Pengakuan dan Penghargaan
Usaha keras Supriyono dalam mengembangkan pendidikan inklusif di MI Keji tidak hanya membuahkan hasil dalam bentuk peningkatan jumlah siswa, tetapi juga membawa berbagai penghargaan. Pada tahun 2017, ia dinobatkan sebagai Juara I Kepala MI Berprestasi Tingkat Nasional oleh Kementerian Agama. Prestasi ini kemudian membawanya untuk mengikuti shortcourse di Seoul National University, Korea Selatan, pada tahun 2019, di mana ia memperdalam praktik pendidikan inklusif.
Selain penghargaan pribadi, MI Keji juga diakui sebagai salah satu model madrasah inklusif di Indonesia. Keberhasilan ini diikuti dengan peningkatan prestasi madrasah di berbagai tingkat, baik nasional maupun internasional. MI Keji menjadi pusat penelitian bagi mahasiswa, dosen, dan profesional yang tertarik dengan model pendidikan inklusif. Hal ini semakin meningkatkan kepercayaan masyarakat terhadap madrasah, terbukti dari peningkatan jumlah siswa dari 58 orang pada tahun 2009 menjadi 205 orang pada tahun 2021, termasuk 26 PDBK dengan berbagai hambatan seperti Celebral Palsy, tuna grahita, autis, dan ADHD.
Pengembangan Pendidikan Inklusif di MIN 5 Semarang
Pada tahun 2021, Supriyono dipindah tugaskan ke MIN 5 Semarang, di mana ia kembali membawa semangat inklusif yang sama. Dengan dukungan dari Forum Pendidik Madrasah Inklusif (FPMI) yang dipimpinnya, Supriyono berupaya meningkatkan kompetensi guru melalui pelatihan dan studi banding ke madrasah-madrasah inklusif lainnya. Langkah-langkah strategis ini berhasil mengembangkan pendidikan inklusif di MIN 5 Semarang, meskipun dengan jumlah PDBK yang lebih sedikit dibandingkan dengan MI Keji.
Peran dan Kontribusi Nasional
Sebagai Ketua FPMI Pusat dan anggota Tim Ahli Pokja Pendidikan Islam Inklusif Ditjen Pendis Kemenag RI, Supriyono berperan besar dalam pengembangan regulasi dan kebijakan yang mendukung pendidikan inklusif di Indonesia. Salah satu kontribusi besarnya adalah dalam penyusunan Roadmap Pengembangan Pendidikan Inklusif di Madrasah dan Pondok Pesantren, serta modul pelatihan bagi pendidik inklusif.

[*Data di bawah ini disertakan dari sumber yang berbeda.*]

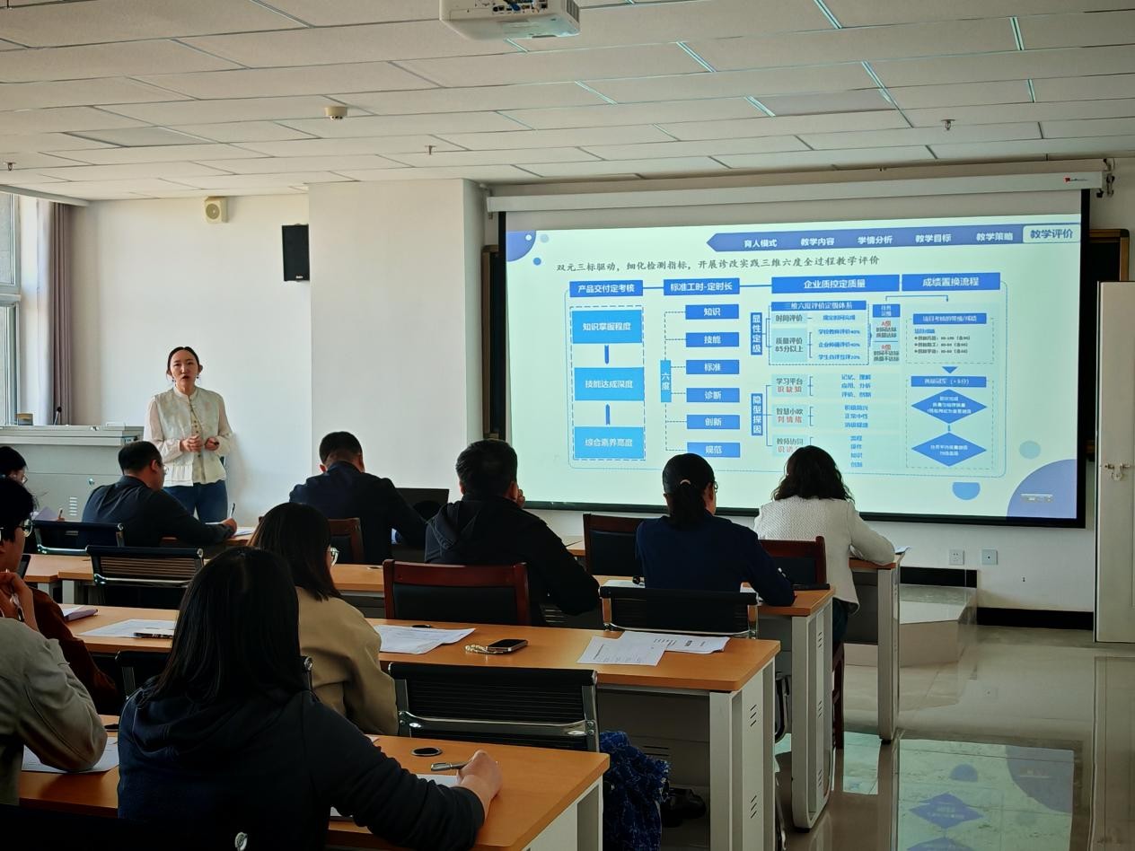 此次大賽共有6個(gè)參賽隊(duì)參加。大賽依據(jù)專業(yè)課程特點(diǎn),劃分了專業(yè)課程一組、專業(yè)課程二組兩個(gè)參賽組別。比賽現(xiàn)場,緊張而熱烈的氛圍彌漫在每一個(gè)角落。各參賽隊(duì)嚴(yán)格按照省賽的高標(biāo)準(zhǔn)要求,依次完成教學(xué)實(shí)施報(bào)告、無生授課及答辯三個(gè)關(guān)鍵環(huán)節(jié)。在教學(xué)實(shí)施報(bào)告環(huán)節(jié),參賽教師們猶如運(yùn)籌帷幄的將領(lǐng),用清晰的邏輯、詳實(shí)的數(shù)據(jù)和深刻的教學(xué)反思,闡述著自己對于課程的理解與設(shè)計(jì)。他們不僅展示了教學(xué)目標(biāo)的精準(zhǔn)設(shè)定、教學(xué)內(nèi)容的合理組織,更分享了在教學(xué)過程中如何運(yùn)用創(chuàng)新方法激發(fā)學(xué)生的學(xué)習(xí)興趣和潛能。

Di bawah kepemimpinannya, FPMI telah berkembang pesat, dengan terbentuknya cabang-cabang FPMI di 17 provinsi dan lebih dari 1.000 madrasah inklusif di seluruh Indonesia. Madrasah-madrasah ini menyediakan ruang belajar yang ramah bagi lebih dari 3.798 PDBK, didukung oleh 9.055 guru inklusif dan 764 Guru Pembimbing Khusus.
Kisah Supriyono adalah bukti nyata bahwa dengan komitmen, kerja keras, dan kerjasama, pendidikan inklusif yang setara dan tanpa diskriminasi dapat diwujudkan di madrasah-madrasah Indonesia. Melalui inovasi dan kepemimpinan yang inspiratif, Supriyono tidak hanya mengubah wajah madrasah-madrasah tempat ia bertugas, tetapi juga memberikan dampak positif bagi ribuan peserta didik berkebutuhan khusus di seluruh Indonesia. Dengan terus mengetuk pintu langit, Supriyono telah menyemai taman surga bagi mereka yang sebelumnya mungkin tidak memiliki harapan.